Ce que Graph détecte
- Le même fournisseur sous plusieurs raisons sociales
- Le même article sous plusieurs références selon le fournisseur
- Des unités de mesure qui ne se comparent pas
- Une nomenclature interne qui a dérivé
- Des contrats dont personne ne sait plus s’ils couvrent la dépense en cours
- Des avoirs promis jamais imputés sur leur facture d’origine
Rien ne se perd. Tout se vérifie, tout se prouve.
- La clause du contrat et la ligne de facture, surlignées côte à côte.
- Chaque valeur extraite reste reliée à l’endroit exact du document où elle a été lue.
- Le même cas produit la même décision, aujourd’hui comme dans six mois : les règles sont appliquées de façon déterministe.
- Aucun écart n’est écarté en silence. Ce qui ne correspond à aucune règle remonte, avec son motif.

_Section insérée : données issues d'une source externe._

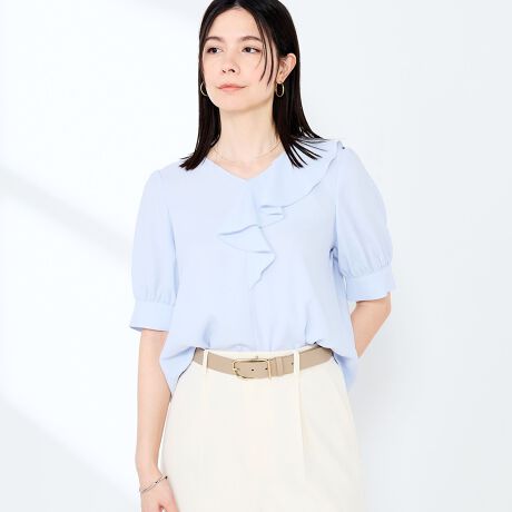 ウォッシャブルジョーゼットアシメラッフルブラウス

- L’agent consigne ce qu’il a fait, dans l’ordre où il l’a fait : qui, quoi, combien, quand.
Questions fréquentes
Qu’est-ce que le contrôle d’admission du graphe ?
La règle qui décide de ce qui a le droit d’être écrit. Une entité, une relation ou une valeur qui ne se conforme pas à l’ontologie achats est rejetée plutôt qu’enregistrée, et une relation sans provenance n’est jamais admise. Le graphe ne contient donc que des liens délibérément modélisés et sourcés.
Que se passe-t-il si un document est illisible ou incomplet ?
Rien n’est deviné. La partie lisible entre dans le graphe avec sa source ; ce qui manque reste absent et remonte comme information manquante, avec le document concerné. Une valeur estimée serait indéfendable devant un fournisseur : elle n’est donc pas écrite.
Comment vérifier une conclusion de Zylio ?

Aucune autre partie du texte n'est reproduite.